| LISTED RECORDS |
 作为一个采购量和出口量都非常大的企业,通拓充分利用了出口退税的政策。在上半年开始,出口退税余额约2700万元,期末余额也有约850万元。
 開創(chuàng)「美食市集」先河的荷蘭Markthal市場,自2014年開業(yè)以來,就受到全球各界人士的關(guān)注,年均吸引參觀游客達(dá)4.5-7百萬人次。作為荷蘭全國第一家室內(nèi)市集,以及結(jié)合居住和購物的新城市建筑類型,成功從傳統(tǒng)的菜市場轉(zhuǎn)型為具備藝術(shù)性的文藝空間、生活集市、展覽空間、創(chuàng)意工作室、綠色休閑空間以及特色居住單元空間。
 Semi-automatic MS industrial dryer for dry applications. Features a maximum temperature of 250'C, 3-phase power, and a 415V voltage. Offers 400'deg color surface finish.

* * *

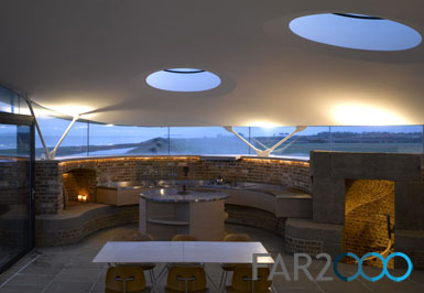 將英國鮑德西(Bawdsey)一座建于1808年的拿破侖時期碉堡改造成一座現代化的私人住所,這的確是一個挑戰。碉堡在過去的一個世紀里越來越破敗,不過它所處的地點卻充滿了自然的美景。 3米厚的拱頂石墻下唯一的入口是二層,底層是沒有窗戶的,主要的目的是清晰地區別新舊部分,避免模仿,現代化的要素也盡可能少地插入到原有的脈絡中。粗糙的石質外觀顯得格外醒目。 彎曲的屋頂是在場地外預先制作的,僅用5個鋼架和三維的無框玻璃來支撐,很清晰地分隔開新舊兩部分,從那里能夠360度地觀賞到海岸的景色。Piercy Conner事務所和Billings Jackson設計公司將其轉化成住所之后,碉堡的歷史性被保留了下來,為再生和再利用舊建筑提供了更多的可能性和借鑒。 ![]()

==

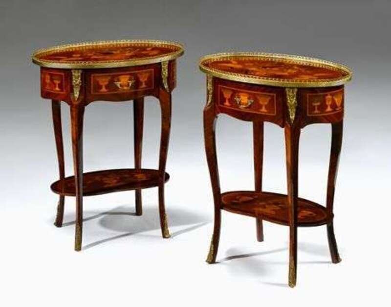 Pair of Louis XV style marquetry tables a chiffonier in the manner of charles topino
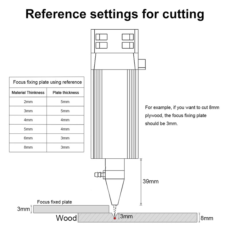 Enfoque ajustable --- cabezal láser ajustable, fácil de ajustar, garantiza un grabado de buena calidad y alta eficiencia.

| WORK TO BE COMPLETED |
Lines to set down from above: the line with "開創(chuàng)「美食市", the line with "Semi-automatic MS industrial", and every line between, each exactly as written.

| TASK OUTPUT |
 開創(chuàng)「美食市集」先河的荷蘭Markthal市場,自2014年開業(yè)以來,就受到全球各界人士的關(guān)注,年均吸引參觀游客達(dá)4.5-7百萬人次。作為荷蘭全國第一家室內(nèi)市集,以及結(jié)合居住和購物的新城市建筑類型,成功從傳統(tǒng)的菜市場轉(zhuǎn)型為具備藝術(shù)性的文藝空間、生活集市、展覽空間、創(chuàng)意工作室、綠色休閑空間以及特色居住單元空間。
 Semi-automatic MS industrial dryer for dry applications. Features a maximum temperature of 250'C, 3-phase power, and a 415V voltage. Offers 400'deg color surface finish.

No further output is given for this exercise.